While duplication detection existed in the legacy system, it was not modern enough to help assist departments with case or resource management. Our team worked with DoIT, 311, and every department to identify the duplication criteria used by the legacy system and update it as necessary. In the new system, when a request is entered by a 311 operator or by a resident via the community portal or mobile app it’s run through duplication criteria set for that specific request.
Recognizing duplicates prevents re-work by departments while also allowing departments to detect when a specific area in the city is experiencing a high-priority issue. Additionally, before presenting the intake form to users on the community portal and mobile app users are provided with the number of times that same request has been submitted by other users. This gives users to option to continue with their request or to simply follow the existing request already in-the-works with the city, providing them with more system insight than ever before.

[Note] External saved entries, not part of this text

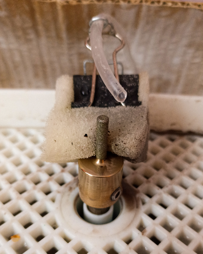 После небольшой паузы для размышлений, решил сменить тактику. Сделал внутри одно отверстие и прошелся этой насадкой по внутреннему периметру. Не хотел так делать, потому что алмазный слой насадки быстрее изнашивается. Одно дело снимать неровности с кромки, а другое вышлифовывать кучу стекла. Но, увы.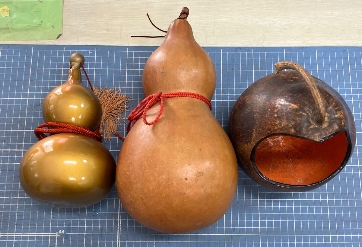 - 【ひょうたん 夕顔 時代物 3点セット】縁起物 風水 ふくべ細工 インテリア 昭和レトロ オブジェ【B1】0827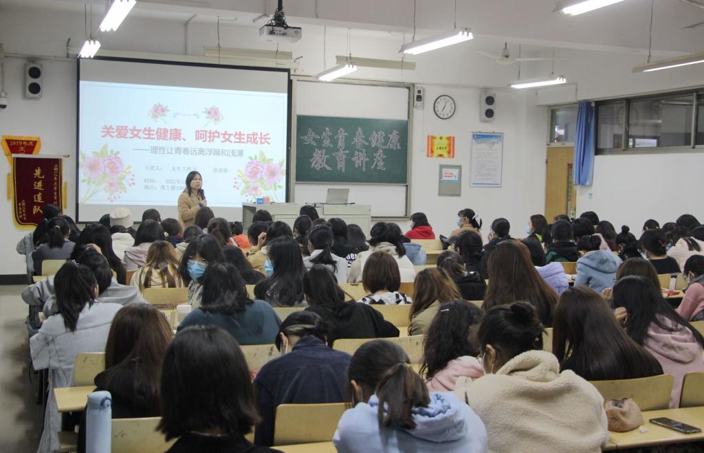 为进一步提高高校在校女生对青春期知识的了解,解决成长中的困惑,增强自我防范、自我保护的意识,帮助女生树立“自尊、自强、自爱、自立”的理念,11月5日,beat365在线唯一官网在理工楼2204教室举办“女生青春健康教育”讲座。讲座由呵护女生教育工作组的张春侠老师主讲。学院2021级全体女生参会学习。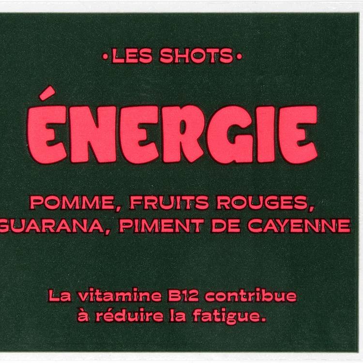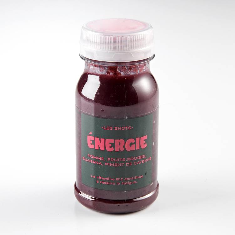 Petit format, gros effet. Ce shot “Force” ne paye pas de mine, mais il envoie. À la base, un jus de pomme doux et fruité. Dessus, une purée de myrtille bien marquée, presque boisée. Et derrière, ça monte : piment de Cayenne, extrait de guarana, vitamine B12. De quoi secouer l’organisme et remettre les idées en place en une gorgée.
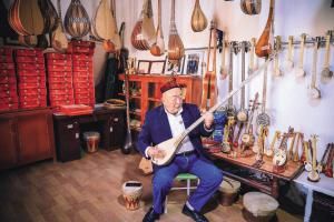 艾依提·依明一家四代人都是制作民族樂器的工匠。自15歲始,他就跟著祖父和父親學(xué)做樂器,經(jīng)過半個多世紀的錘煉,如今他精通大部分維吾爾族樂器的制作技藝?!耙话焉虾玫亩妓枏倪x材到制作完成大約需要兩年時間,這也是一個制作工藝不斷提升的過程?!卑捞?middot;依明不僅可以制作近20種民族樂器,而且還能彈唱,他說,要想制作出好的樂器就一定要會彈奏樂器,不然沒有辦法調(diào)音,制作的樂器也不精細。

While the old system was cumbersome for the City, it left much to be desired from the resident’s perspective as well. Through focus groups, online forums, and discussions with the City of Chicago it was apparent that residents wanted to see the service requests submitted in their neighborhood and the speed at which the city completed them. Similarly, the city wanted a feature that would show residents how they approached requests with equality.
The new “Explore” feature on the community portal and mobile app allows any resident to keep tabs on any neighborhood in Chicago to see which requests are made there, how many have been submitted, and how many are completed over a set period of time. Our solution not only improves transparency across all neighborhoods, but allows residents to gain a full view of where the City sends its field workers to monitor and guarantee the equitable distribution of public services.
Rather than just providing residents with a status of open or completed, residents can now track their service request at any point in the process between “open” and “completed.” These in-depth details along the way holds the City accountable for completing requests and allow residents to be rest assured knowing that their City is listening to them.